According to the story, John had left his Indian homeland because of the death of his
predecessor. He journeyed to Byzantium to attend a ceremony recognising his appointment
as Patriarch of the Indies, and met some papal legates that told him about the magnificence
of Rome, and convinced him to continue his journey there. When he finally arrived in
Rome, John described India as a land of marvels and miracles. (…) No one lived there but
the most faithful Christians; all non-Christian men who entered were either converted or
died instantly. One of the rivers of paradise flowed through the city’s centre, depositing gold
and gemstones by which the people were made extremely rich. A church outside the city
housed the body of St Thomas, the apostle who evangelised India according to Christian
tradition. (…) This is the story as told in an anonymous text known as the De Adventu
Patriarchae Indorum (‘On the Arrival of the Patriarch of the Indians’)”
◦ “Most people would disregard the story told in the De Adventu as legendary nonsense were
it not for the existence of another completely independent text that corroborates the visit of
this John to Rome. This second text is a letter written by Odo of Rheims, a man who was
apparently present in Rome when the mysterious John made his visit (…) The accounts of
the De Adventu and the letter of Odo are similar in essence but differ in many specifics. In
Odo’s letter, for example, John is not called a patriarch but an archbishop. Odo also gave a
completely different catalyst for John’s journey. John did not begin his journey because his
predecessor had died, as the De Adventu put it, but because the leader of India had recently
died without an heir, and the Indians sought a Byzantine prince to fill the vacancy. After
several princes died returning to India, the Byzantine emperor refused to send another, and
so John continued his journey to Rome to try to find one there. In Rome, John proceeded
with the fabulous speech about his Indian homeland and the miracles of St Thomas.”

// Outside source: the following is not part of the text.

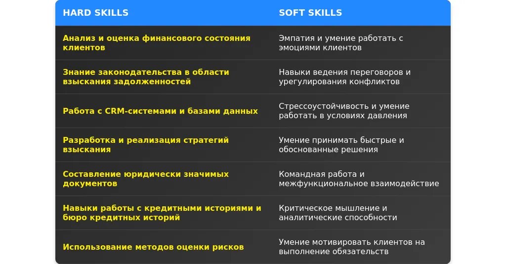 - Знание законодательства в области взыскания долгов
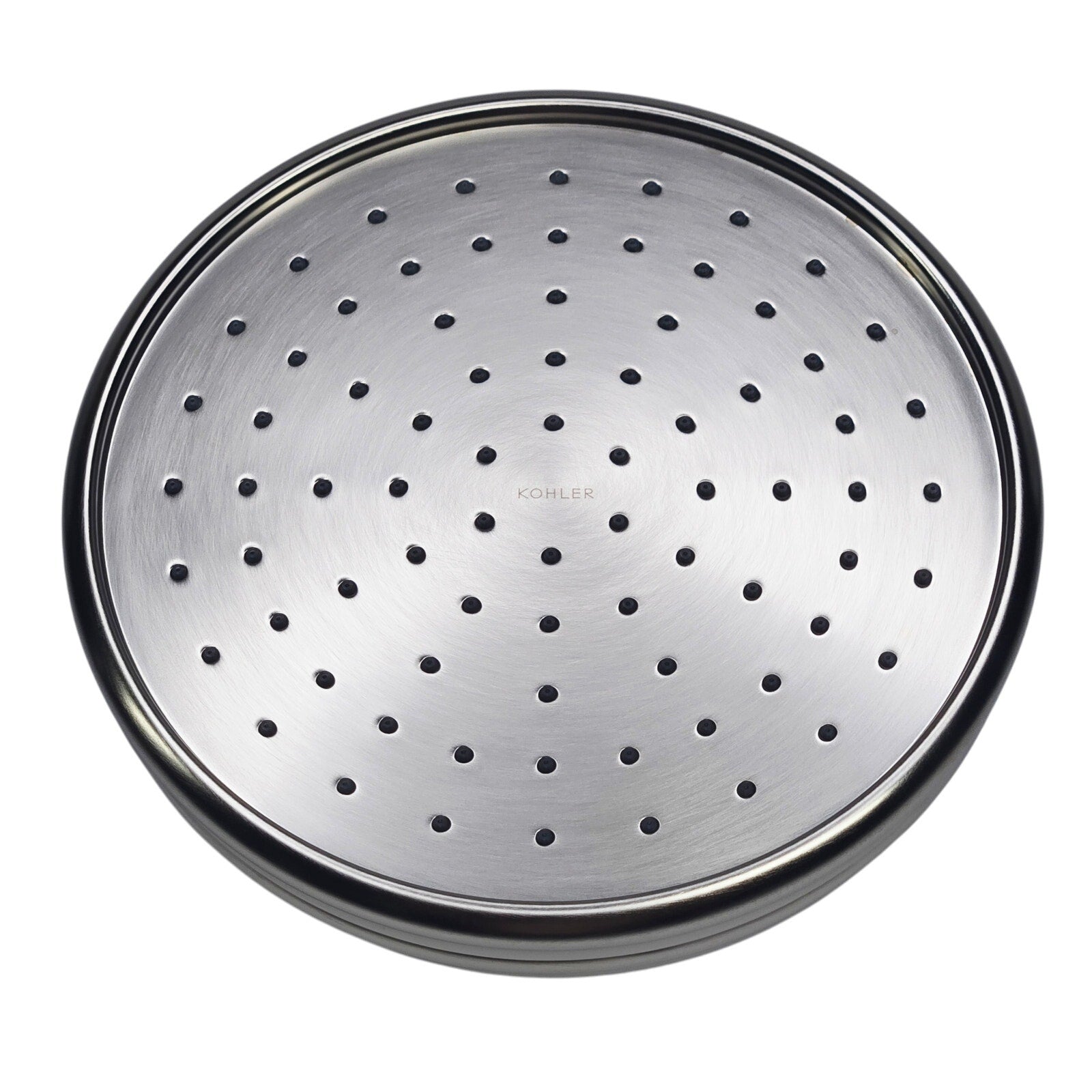Enjoy a shower that simulates the soaking deluge of a warm summer downpour. This traditional-style rainhead features innovative Katalyst air-induction technology, which efficiently mixes air and water to produce large water droplets and deliver a powerful, thoroughly drenching overhead shower experience. Its clean good looks and durable finish coordinate with many other Kohler faucets and accessories.

◦ “Because the two texts differ in many details, and because they use very different
vocabulary to discuss the same ‘events’, it is clear that they are not textually related. The
simplest explanation is that there is a kernel of historical fact underneath the legendary
veneer. It seems likely that someone did travel to Rome, but probably not from what we
today would call ‘India’. This impostor was certainly a Christian, since he was well-versed
in the standard St Thomas legends.”
◦ “Two decades later, when Europeans heard rumours of a great battle between a powerful
Islamic leader and his unknown foe in the Far East, they would cast their minds back to
John and his marvellous Indian homeland. Although in reality the Islamic leader’s enemy
was a Buddhist Khitan warrior from the Central Asian steppe, the residents of the Crusader
States who first heard tell of the battle assumed that he was a Christian who possessed the
same pious desire to expunge the Muslim infidel that they did. The spread of this rumour
provided the occasion for the first written record of John, no longer as a patriarch or
archbishop, but a priest-king in his own right, and under the name by which he was to be
remembered for centuries to come: Presbiter Johannes, Prester John.”